Muchos años después frente a los libros de Gabriel García Márquez (Aracataca, Colombia, 1927) sus lectores habíamos de recordar aquella tarde remota en que leímos atónitos por vez primera las narraciones del “hijo del telegrafista” y de la mujer más bonita de Aracataca.

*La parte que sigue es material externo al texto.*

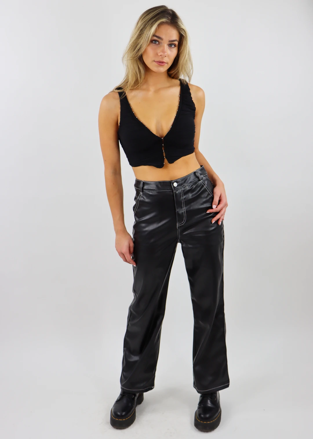We are obsessed with this perfect going out crop top! It features a ruched mesh detailing, a hook eye front closure, and did we mention its cropped. The hook and eyes allow for you to make this top either a v-neck or a high neck top. Top it off with leather pants or high-waisted jeans. We know you’ll be feeling yourself in this top!
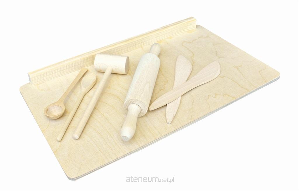 Większy odpowiednik zestawu kuchennego mini. Składa się z drewnianego tłuczka, wałka, 2 noży, 2 łyżek oraz stolnicy.
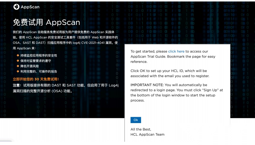 点击 OK, 跳转到试⽤界⾯
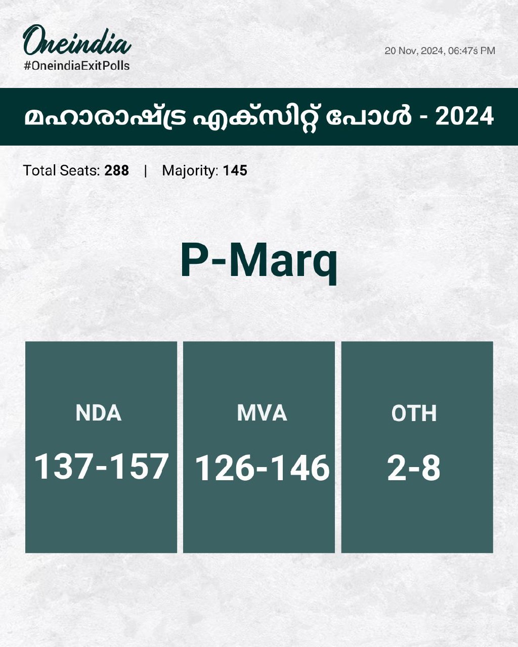മഹാരാഷ്ട്രയില് എന് ഡി എ 137 - 157 സീറ്റുകള് വരെ നേടുമെന്ന് റിപബ്ലിക് പി മാര്ക്ക് എക്സിറ്റ് പോള്. എം വി എയ്ക്ക് 126- മുതല് 164 സീറ്റ് വരെയാണ് പ്രവചിച്ചിരിക്കുന്നത്
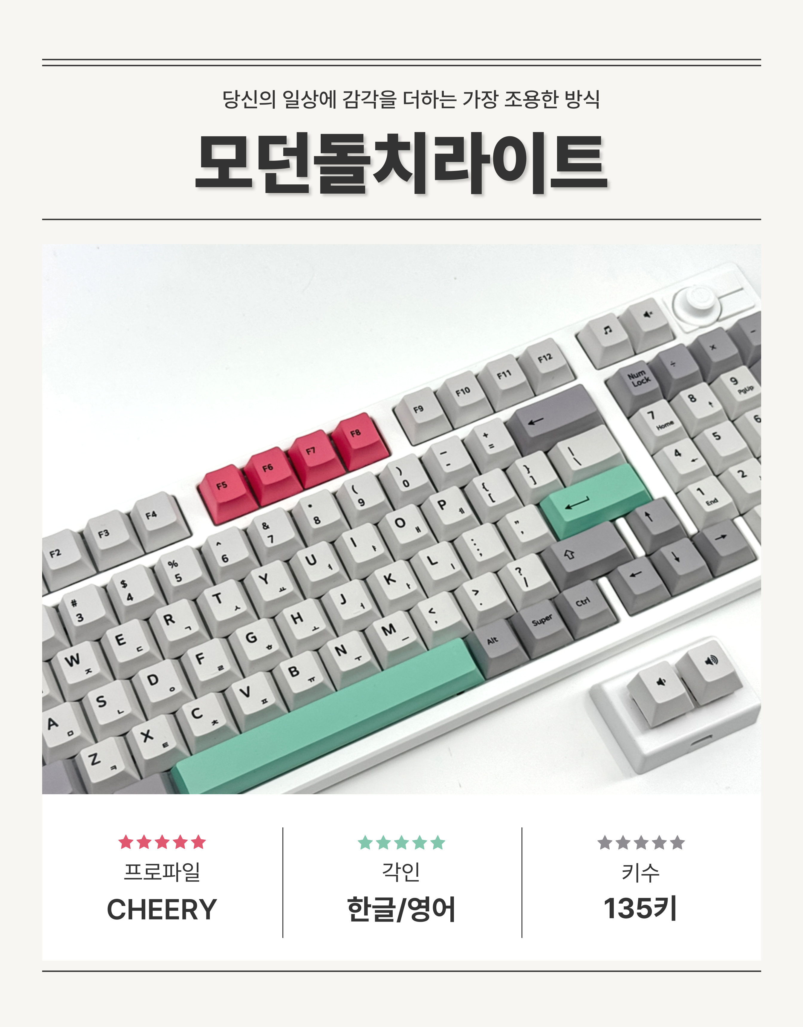> 자체제작 1.7mm 체리 모던돌치라이트 한글 영어 키캡 PBT 5면 염료승화 독거미 (135키)
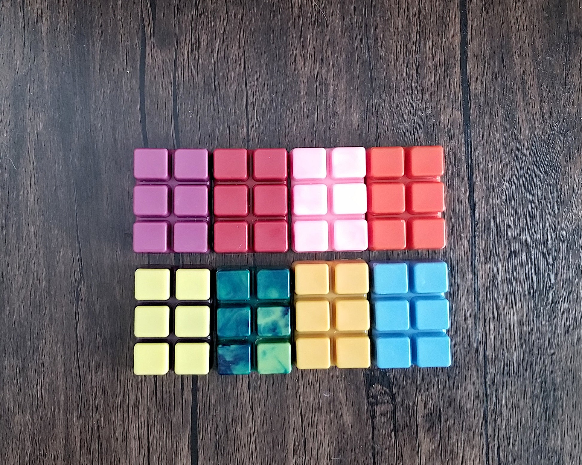 These wax melts are made with a mix of paraffin and soy (parasoy) wax to help give it a longer melt time while keeping the scent on the stronger side. Due to the handmade nature of these wax melts, there will be slight differences between melts such as glitter placement, drizzle location, and color.
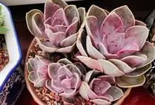 紫珍珠是景天科石莲花属的多年生肉质草本植物。植株中小型;叶片肉质,匙形,呈莲座状紧密排列;叶片粉紫色,叶缘呈粉白色,光照充足时颜色亮丽,不足时叶色会呈现深绿色或灰绿色,叶面光滑,被轻微白粉,…全部>>
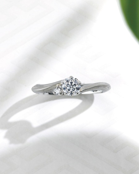 ご婚約指輪は、月明かりに照らされたような輝きと、優雅な流れのある『月桜』
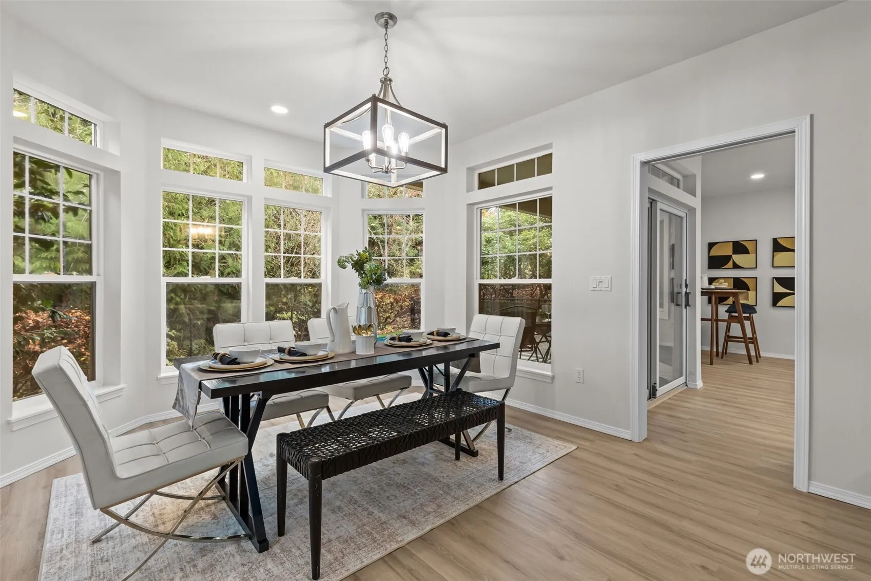 Welcome to this beautifully updated Forest Village home. The spacious floorplan offers a large living and dining room, den just off the dining room, open kitchen with new appliances, quartz counters & subway tile backsplash. Enjoy new LVP flooring, fresh paint, updated baths and new carpet in bedrooms. A primary suite with walk-in closet and a dual-vanity bathroom. A large second bedroom with an ensuite bath. High ceilings and oversized windows fill the home with light and greenery. Cozy gas fireplace for cooler days and a private patio for warm summer nights. View deer passing through the serene greenery. Oversized 2-car garage. This 55+ community offers exceptional amenities with an indoor pool, hot tub, fitness room, clubhouse and more.
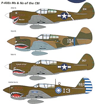Ed Rector's P-40E from the 76 FS/23 FG is an ex-AVG plane painted in US equivalents of RAF colors.
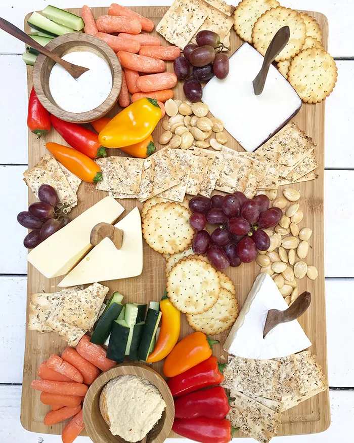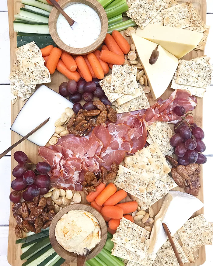 For this cheese board, I added veggies like carrots and celery and had hummus and homemade ranch dressing for dipping!
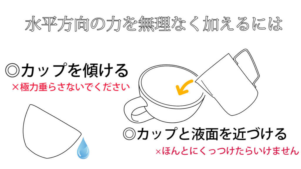 クレマが薄ければ水平方向の力はある程度弱くて大丈夫ですが、逆に厚ければ水平方向の力は強く必要です。
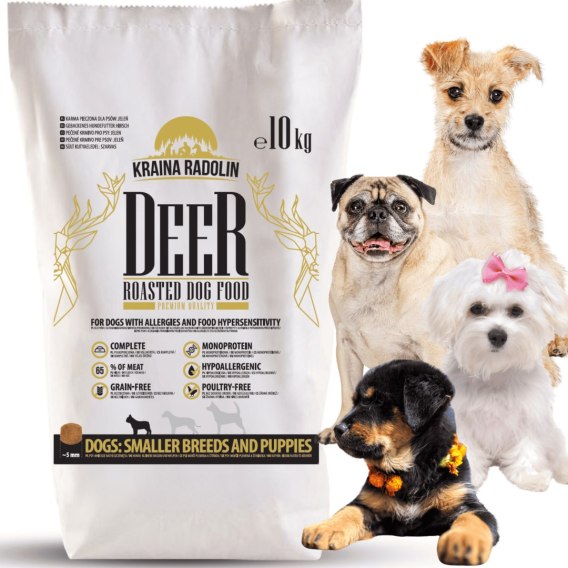 Kraina Radolin Jeleń 10 kg mniejsze ras i szczenięta 65% mięsa dla alergików z nadwrażliwością pokarmową karma sucha
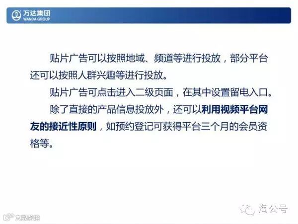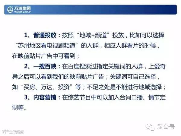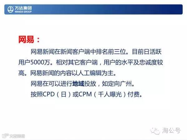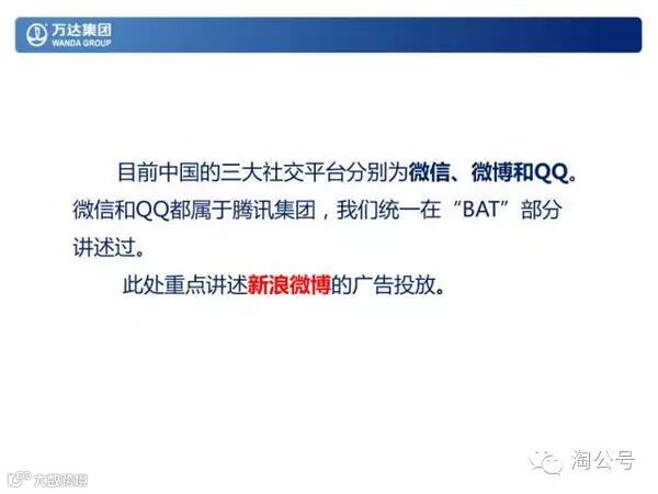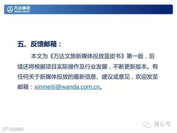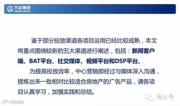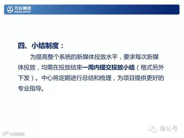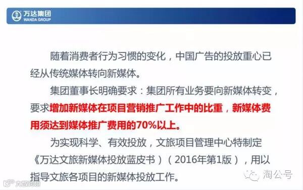 近日,万达集团官方微信公号万达城推送了一篇名为《万达集团新媒体投放蓝皮书》的文章,宣布王健林明确要求增加新媒体在项目营销推广工作中的比重,新媒体费用须达到媒体推广费用的70%以上。
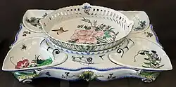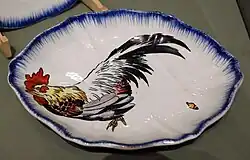 The service was then completed (teacups, coffee, etc.) and the manufacture left to the Creil and Montereau factory. Barluet, Lebeuf's successor, re-edited it in the early 1880s. In 1885, Eugène Rousseau sold his business to Ernest-Baptiste Leveillé, who continued to publish the service under his own brand. Many reissues or variants followed. Among them, that of the Manufacture Jules Vieillard in Bordeaux (late 19th century), that of the Crystal Stairs (early 20th century), or even of the faience of Gien The large birds still in reissue. It can also be noted that many pieces of this service are now preserved in various French national museums (Musée d'Orsay, Musée national Adrien Dubouché, etc.).[11]
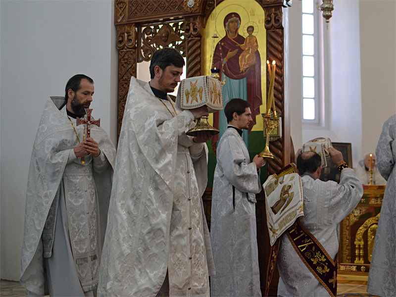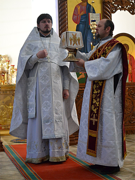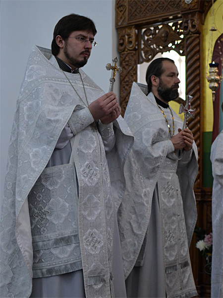 Его Преосвященству сослужили: почетный настоятель собора митрофорный протоиерей Иоанн Мисеюк; благочинный Борисовского церковного округа, настоятель прихода храма Рождества Христова протоиерей Александр Вербило; клирики собора — протоиерей Димитрий Дорошенко, иерей Павел Яцукович и протодиакон Георгий Росляков; настоятель прихода храма Святого Архангела Михаила в д. Зембин иерей Андрей Капульцевич; настоятель прихода храма Святой Живоначальной Троицы в д. Бытча иерей Андрей Иваненко; настоятель прихода храма Преображения Господня в д. Велятичи иерей Иоанн Белоцерковский
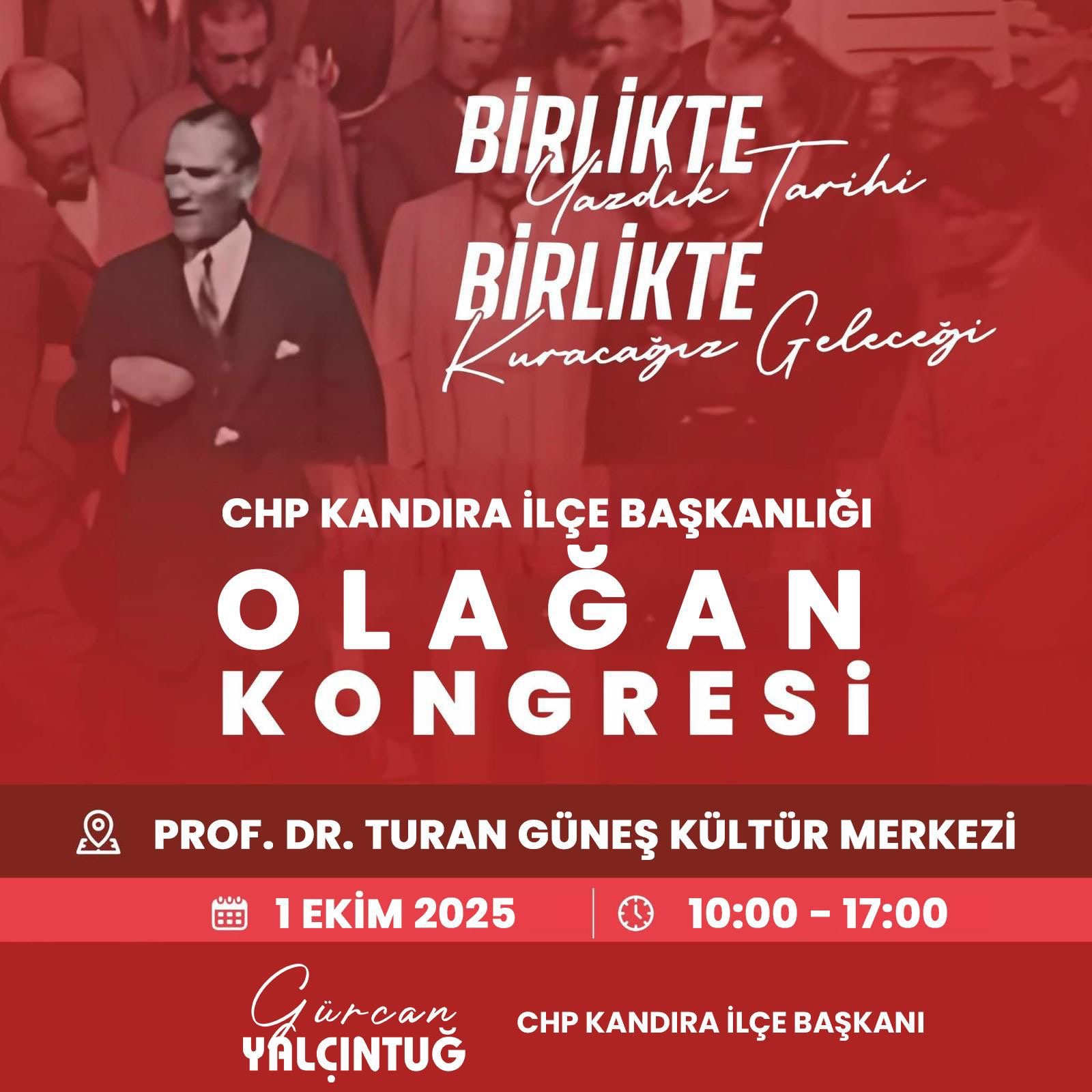 Kongrenin duyuru afişinde “Birlikte yazdık tarihi, birlikte kuracağız geleceği” sloganı yer aldı. CHP Kandıra İlçe Başkanı Gürcan Yalçıntuğ’un imzasıyla paylaşılan afişte, üyeler ve delegeler kongreye davet edildi.

Nació a las 8.30 en olor de bananos y de guayabas una calurosa mañana del domingo 6 de marzo de 1927, mientras su querido abuelo Nicolás estaba en misa de ocho. Llegó a la vida medio muerto, ahogándose con el cordón umbilical al cuello, ratificando su claustrofobia innegociable que haría que muchos años después comprara casas con amplios ventanales. Criado en la casa de sus abuelos, no conoce a su madre hasta los tres años y a su padre, homeópata de vocación, hasta los siete y nueve meses. Él ha confesado en más de una ocasión que su recuerdo más vivo “no es el de las personas, sino el de la casa misma de Aracataca donde viví con mis abuelos. Todos los días despierto con la impresión, falsa o real, de que he soñado que estoy en esa casa.”
El pequeño Gabito era un dibujante contumaz y un lector ensimismado de Las mil y una noches. En ese libro “había un tipo que destapaba una botella y salía un genio de humo” y dijo: “¡Coño, esto es una maravilla!” Muchos años después quedaría literalmente conmocionado por otras obras: La metamorfosis de Kafka (“… de modo que esto se puede hacer en literatura; entonces esto sí me interesa, esto seré yo”), Edipo Rey de Sófocles (“una novela policíaca genial, pues en ella el detective descubre que él mismo es el asesino”) y Pedro Páramo de Juan Rulfo, un libro que le regaló su amigo Álvaro Mutis, quien le dijo: “Léase esa vaina, y no joda, para que aprenda cómo se escribe.” No se acostó hasta terminar la segunda lectura de los muertos en vida de Comala. Pero también se hechizó con Rabelais, Defoe, Camus, Hemingway, Faulkner, La señora Dalloway y el Ulises.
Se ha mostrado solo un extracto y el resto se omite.